An exact transcription is needed of the lines below from the one with "ノートパソコンを使う女性" through the one with "Geef je sieradencollectie", with no other lines and no pictures.
##### Task input #####
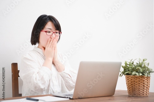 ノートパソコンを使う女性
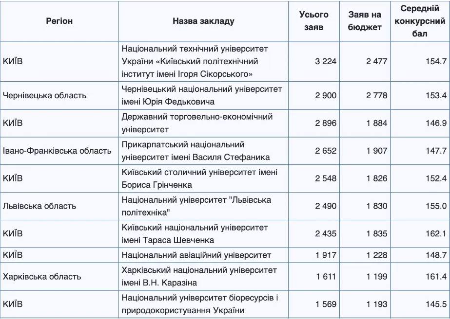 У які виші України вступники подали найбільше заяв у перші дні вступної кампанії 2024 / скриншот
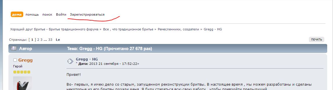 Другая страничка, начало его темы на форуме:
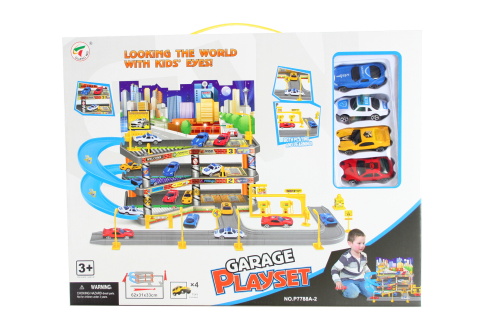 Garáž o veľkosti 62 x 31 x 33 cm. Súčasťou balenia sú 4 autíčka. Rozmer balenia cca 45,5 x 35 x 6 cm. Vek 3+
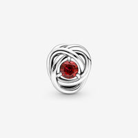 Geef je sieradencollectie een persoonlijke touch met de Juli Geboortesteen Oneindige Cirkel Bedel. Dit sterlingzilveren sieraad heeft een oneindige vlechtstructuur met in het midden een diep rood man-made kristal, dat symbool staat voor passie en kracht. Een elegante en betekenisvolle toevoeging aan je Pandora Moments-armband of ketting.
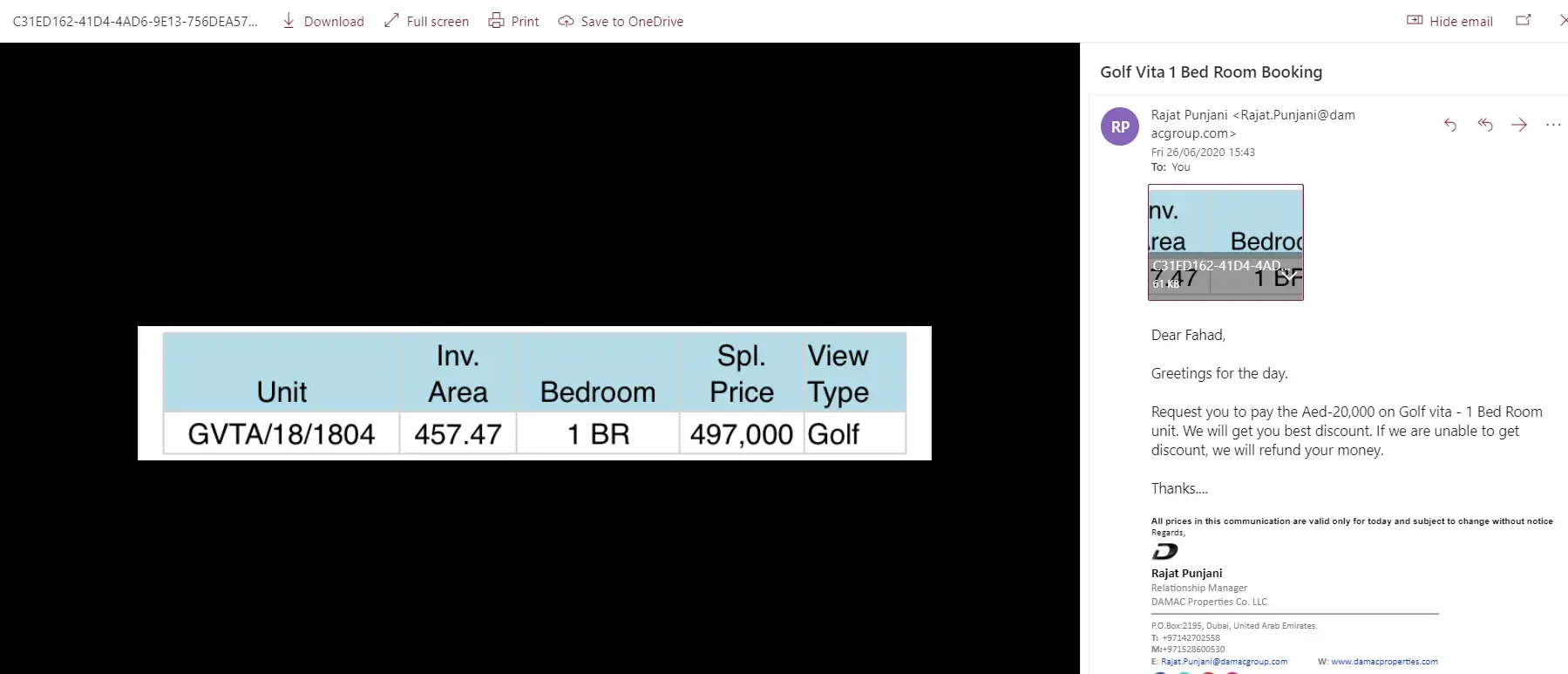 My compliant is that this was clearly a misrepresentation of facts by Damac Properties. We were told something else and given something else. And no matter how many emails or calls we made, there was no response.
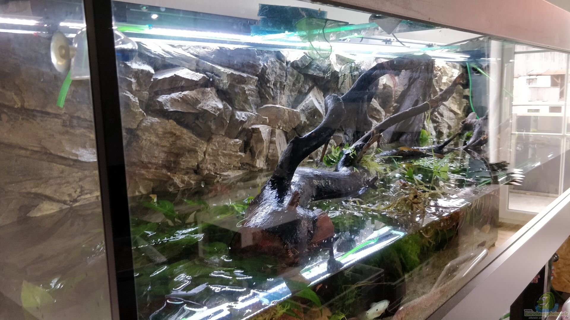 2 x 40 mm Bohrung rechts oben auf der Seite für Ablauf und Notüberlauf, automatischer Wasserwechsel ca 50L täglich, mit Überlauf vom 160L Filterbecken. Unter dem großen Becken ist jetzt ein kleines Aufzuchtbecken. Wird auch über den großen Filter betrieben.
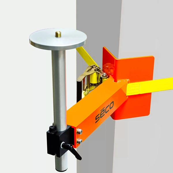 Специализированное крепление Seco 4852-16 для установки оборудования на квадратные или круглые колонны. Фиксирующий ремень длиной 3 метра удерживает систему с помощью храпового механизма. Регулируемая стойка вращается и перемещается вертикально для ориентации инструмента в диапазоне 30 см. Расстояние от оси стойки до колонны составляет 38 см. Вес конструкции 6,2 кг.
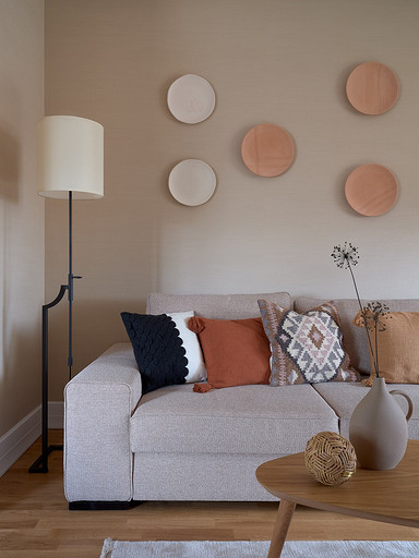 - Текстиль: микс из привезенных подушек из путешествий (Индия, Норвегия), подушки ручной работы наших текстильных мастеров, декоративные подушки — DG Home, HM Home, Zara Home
#####
##### Task input #####
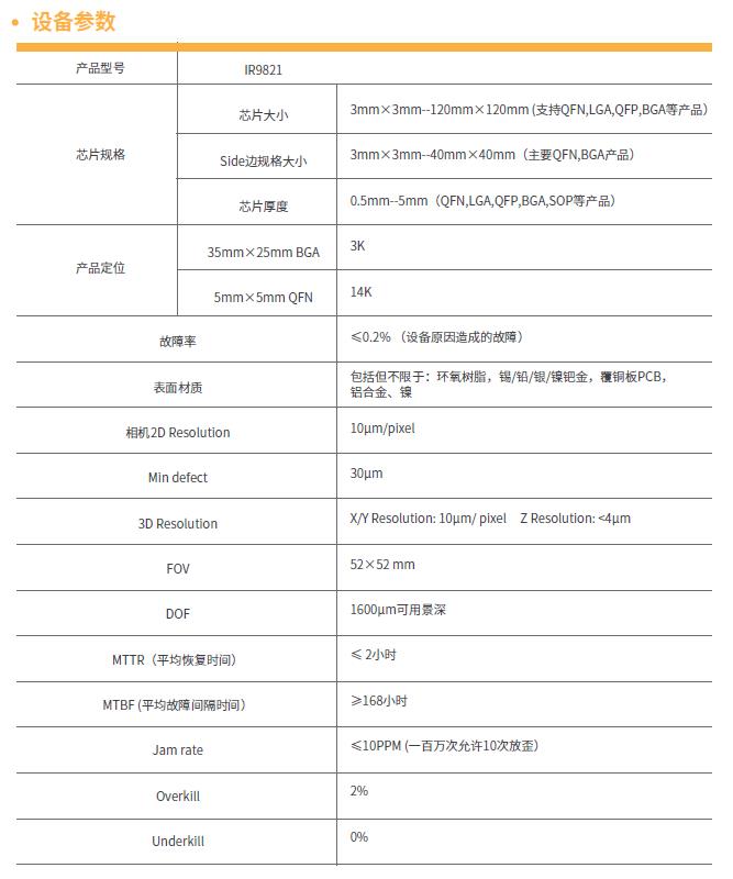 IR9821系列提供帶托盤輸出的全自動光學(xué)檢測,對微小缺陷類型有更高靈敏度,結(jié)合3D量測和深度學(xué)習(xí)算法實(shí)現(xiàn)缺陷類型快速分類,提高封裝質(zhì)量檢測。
#####
**Finished exercise**:
 ノートパソコンを使う女性
 У які виші України вступники подали найбільше заяв у перші дні вступної кампанії 2024 / скриншот
 Другая страничка, начало его темы на форуме:
 Garáž o veľkosti 62 x 31 x 33 cm. Súčasťou balenia sú 4 autíčka. Rozmer balenia cca 45,5 x 35 x 6 cm. Vek 3+
 Geef je sieradencollectie een persoonlijke touch met de Juli Geboortesteen Oneindige Cirkel Bedel. Dit sterlingzilveren sieraad heeft een oneindige vlechtstructuur met in het midden een diep rood man-made kristal, dat symbool staat voor passie en kracht. Een elegante en betekenisvolle toevoeging aan je Pandora Moments-armband of ketting.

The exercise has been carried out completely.